How to issue 0x2D interrupt in C code on 64-bit Windows?

Question

I'm looking for a way to issue interrupt 0x2D from C code just like you can issue int 3 using __debugbreak()

On x86 I can use inline assembly

__asm
{
    int 2dh
}

but I need a solution that will work for:

• x64 and be Visual Studio specific (minimum requirement)
• x86 and x64, compiler independent (best solution)

Answer 1

Since x64 Visual Studio doesn't support inline assembly at all (last I heard, anyway), your best compiler-independent solution is to write an .asm file that defines a function, let's call it int_2d, that just issues this interrupt and then returns. You compile the .asm file to an object file, link that object file with the rest of your application, and you can then write extern void int_2d(void); in a header file and call it normally from C when you need to issue the interrupt.
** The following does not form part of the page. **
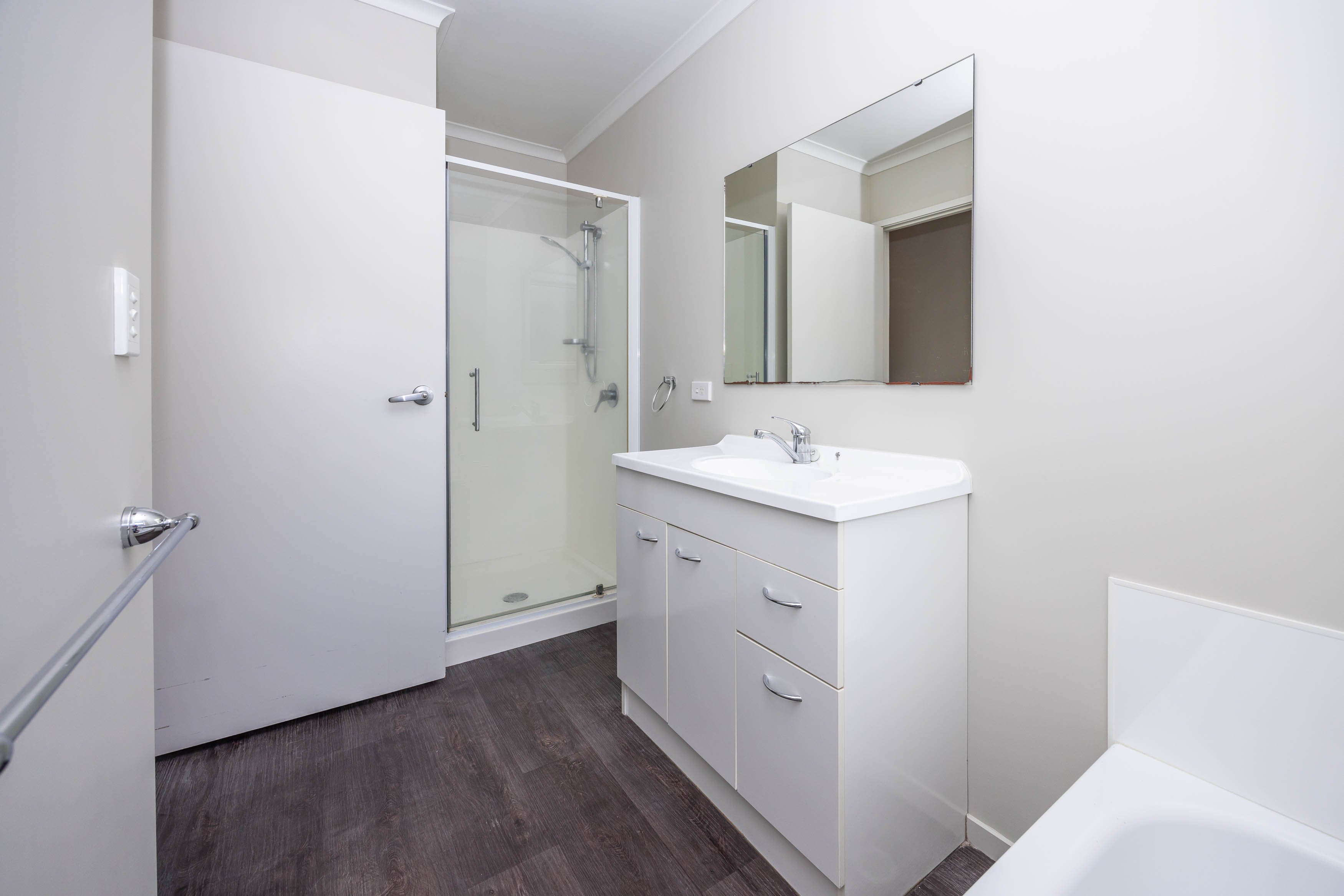 The two bedrooms have built in wardrobes, and the bathroom has a shower and a bath., with a separate toilet. There is a single garage with internal access, with the laundry situated at the back of the garage.

For the assembler that ships with x64 Visual Studio, the .asm file should look something like this:

_TEXT segment 'CODE'

int_2d proc 
    xor eax,eax 
    int 2dh 
    nop
    ret 
int_2d endp 

_TEXT ENDS 
END

The nop after the int 2dh is necessary because, depending on the opcode used and whether or not the process has a debugger attached, the INT 2D handler may or may not cause one byte of code (not one instruction) immediately after the int instruction to be skipped. So you need to put a one-byte NOP there.
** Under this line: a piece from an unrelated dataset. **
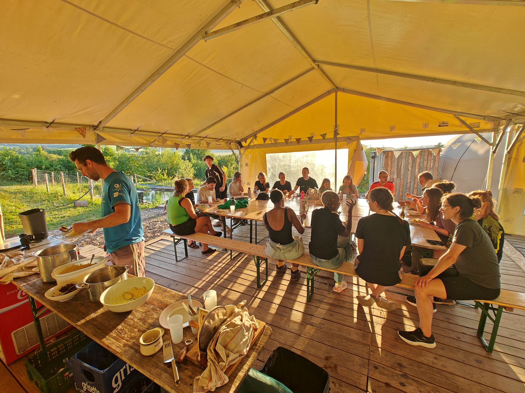 Nous prenons en charge les repas qui seront végétariens et préparés avec les légumes du champ et le maximum d’ingrédients locaux et bio. Nous recherchons également un.e. bénévole pour s’occuper de coordonner et confectionner les repas.

INT 2D also expects an opcode in the A register; known values of this opcode range from 0 to 5, and I'm not having any luck finding documentation on what they actually do. The example code arbitrarily chooses to set A to 0. (You don't need to save and restore it, because A is call-clobbered in all of the Windows calling conventions.) If you want to pass the opcode as an argument, you can do that like this:

_TEXT segment 'CODE'

int_2d proc 
    mov eax, ecx
    int 2dh 
    nop
    ret 
int_2d endp 

_TEXT ENDS 
END

but you must then declare the function on the C side as __fastcall void int_2d(uint32_t op); (The __fastcall is unnecessary, but harmless, when compiling in 64-bit mode, I think.)

Unfortunately I do not know how to write the "boilerplate" (all of the stuff other than the actual assembly instructions) for an .asm file that needs to work with as many different Windows toolchains as possible. The above probably won't be acceptable to NASM, for instance.